Abstract 3607: Inhibition of mutant IDH enzymes reduces production of 2-HG but does not restore wild type IDH activity in vitro or in vivo

Abstract

Abstract Mutations in isocitrate dehydrogenase (IDH) 1 and 2 occur in variety of malignancies, and notably >70% of low grade gliomas. These mutations lead to neomorphic enzymatic activity that results in the production of the oncometabolite (D)-2-hydroxyglutarate (2-HG) through the consumption of NADPH. IDH mutant cells and tumors have been shown to have heightened sensitivity to reactive oxygen species (ROS) and radiation, though it is unclear if this sensitivity is due to a loss of IDH wild type enzymatic NADPH production, the neoenzymatic activity of the mutant enzyme, or a combination of these activities. In support of the hypothesis that sensitivity to ROS and radiation is due to a reduced IDH wild type activity in IDH mutant cells, we previously demonstrated that combined treatment of mutant IDH mouse xenografts with AG-881, a potent orally available mutant IDH inhibitor, and radiation resulted in superior tumor growth inhibition than either modality alone.

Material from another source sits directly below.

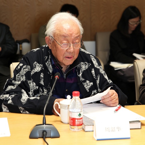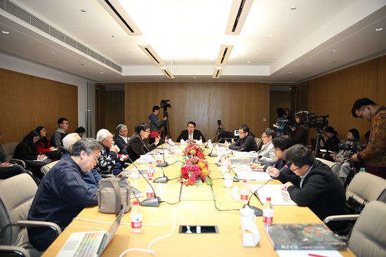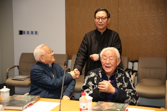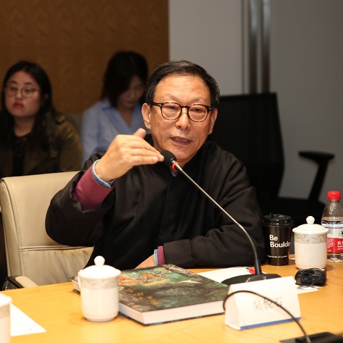 研讨会首先由周韶华发言,发言中他谈到何海霞的慧眼慧心,善于抓住历史的重要机遇,是造就他成功的关键所在。从随父学书法,入手《芥子园》,16岁在琉璃厂拜韩公典先生学画。再到1935年,拜张大千为师,遍游名山大川,目识心记,并且是青出于蓝而胜于蓝,巴山蜀水之行,为他翻开了传统中国画的新篇章,使他的画风开始向现代气息转变。1956年与石鲁、赵望云共创长安画派。他把古典画风转变为创新的新型画派,闪耀着黄土高原的泥土气息和延安精神,开始了艺术创新的新征途。70年代末,艺术家走进创新的广阔天地。潘洁兹先生称赞他是画坛“全能冠军”,周韶华则认为何海霞是“金碧青绿山水第一人”。

To extend this investigation, we have now developed a novel assay to read out the wild type activity of IDH1/2 enzymes in both cell-based assays and mouse xenograft models. Using an isotopic labeling approach that allows us to fully differentiate the activity of wild type IDH1/2 from the mutant enzymatic activity in the same cell or tumor, we observed that mutant IDH cells and tumors have a significantly reduced level of wild type IDH1/2 activity compared to normal tissue or IDH wild type tumors. Importantly, pharmacologic inhibition of mutant IDH1/2 that resulted in >90% reduction in 2-HG production in mutant cells and tumors did not restore the IDH1/2 wild type activity. These data support our previous observations and suggest that therapeutic strategies targeting the reduced activity of wild type IDH enzymes, such as modalities that induce ROS or treatment with radiation, would be effective when combined with mutant IDH inhibitors. Citation Format: Katie Sellers, Taryn Sleger, Sebastien Ronseaux, Rohini Narayanaswamy, Christine Hudson, Thomas Roddy, Brandon Nicolay. Inhibition of mutant IDH enzymes reduces production of 2-HG but does not restore wild type IDH activity in vitro or in vivo [abstract]. In: Proceedings of the American Association for Cancer Research Annual Meeting 2019; 2019 Mar 29-Apr 3; Atlanta, GA. Philadelphia (PA): AACR; Cancer Res 2019;79(13 Suppl):Abstract nr 3607.